_Supplied information_

Start of Block

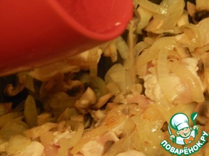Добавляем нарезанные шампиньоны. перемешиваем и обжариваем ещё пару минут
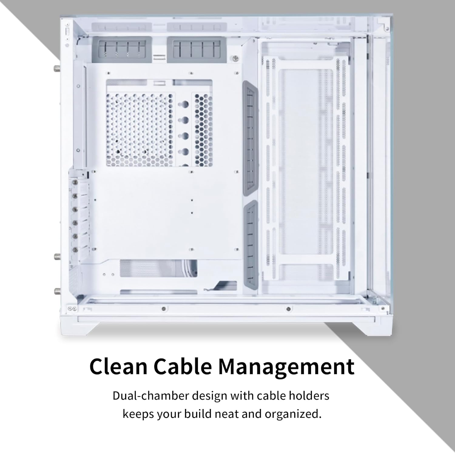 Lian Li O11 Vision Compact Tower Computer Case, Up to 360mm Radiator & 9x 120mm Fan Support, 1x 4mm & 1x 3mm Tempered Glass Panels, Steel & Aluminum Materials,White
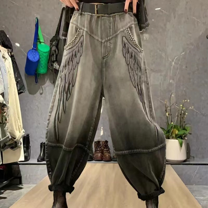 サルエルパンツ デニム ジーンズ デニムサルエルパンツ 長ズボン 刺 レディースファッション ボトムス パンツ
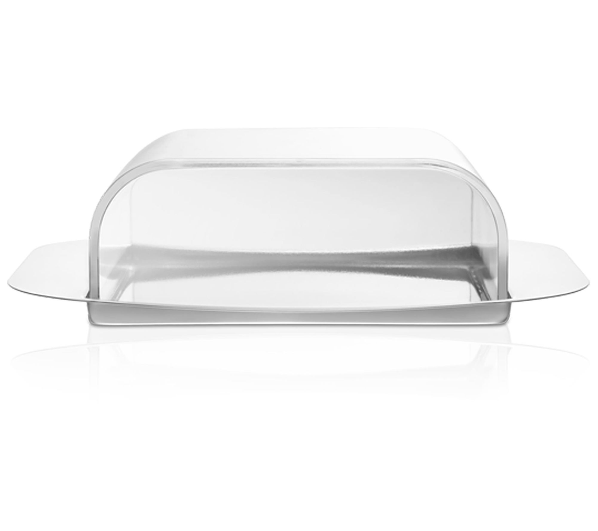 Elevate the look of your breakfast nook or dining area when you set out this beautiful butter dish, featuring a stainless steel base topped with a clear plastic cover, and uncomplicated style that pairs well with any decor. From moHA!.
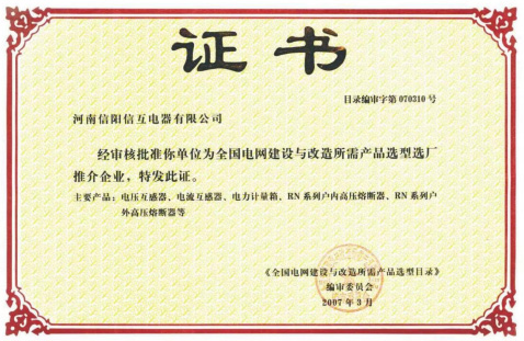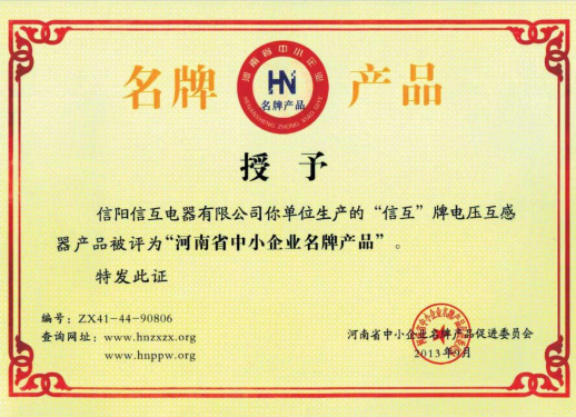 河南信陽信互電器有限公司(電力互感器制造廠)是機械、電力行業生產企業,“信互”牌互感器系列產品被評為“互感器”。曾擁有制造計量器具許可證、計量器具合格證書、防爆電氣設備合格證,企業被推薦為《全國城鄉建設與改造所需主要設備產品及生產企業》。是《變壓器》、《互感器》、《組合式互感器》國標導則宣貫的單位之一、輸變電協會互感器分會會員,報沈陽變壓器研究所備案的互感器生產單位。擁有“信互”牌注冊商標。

End of Block
Start of Block

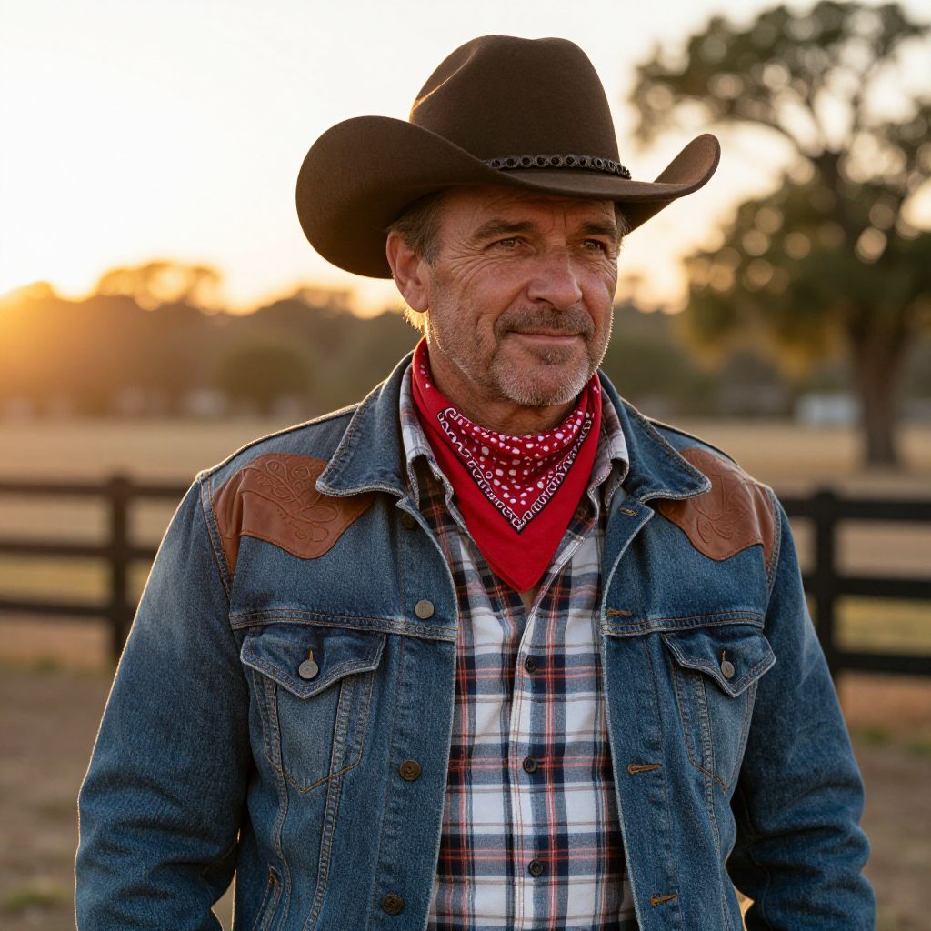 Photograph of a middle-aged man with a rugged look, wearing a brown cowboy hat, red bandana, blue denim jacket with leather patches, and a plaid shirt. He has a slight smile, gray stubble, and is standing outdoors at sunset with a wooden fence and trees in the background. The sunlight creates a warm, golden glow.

End of Block

_Work to complete_
Look above and copy only the lines from the one holding "Lian Li O11" to the one holding "河南信陽信互電器有限公司(電", both included, exactly, minus the pictures.

_Exercise output_
 Lian Li O11 Vision Compact Tower Computer Case, Up to 360mm Radiator & 9x 120mm Fan Support, 1x 4mm & 1x 3mm Tempered Glass Panels, Steel & Aluminum Materials,White
 サルエルパンツ デニム ジーンズ デニムサルエルパンツ 長ズボン 刺 レディースファッション ボトムス パンツ
 Elevate the look of your breakfast nook or dining area when you set out this beautiful butter dish, featuring a stainless steel base topped with a clear plastic cover, and uncomplicated style that pairs well with any decor. From moHA!.
 河南信陽信互電器有限公司(電力互感器制造廠)是機械、電力行業生產企業,“信互”牌互感器系列產品被評為“互感器”。曾擁有制造計量器具許可證、計量器具合格證書、防爆電氣設備合格證,企業被推薦為《全國城鄉建設與改造所需主要設備產品及生產企業》。是《變壓器》、《互感器》、《組合式互感器》國標導則宣貫的單位之一、輸變電協會互感器分會會員,報沈陽變壓器研究所備案的互感器生產單位。擁有“信互”牌注冊商標。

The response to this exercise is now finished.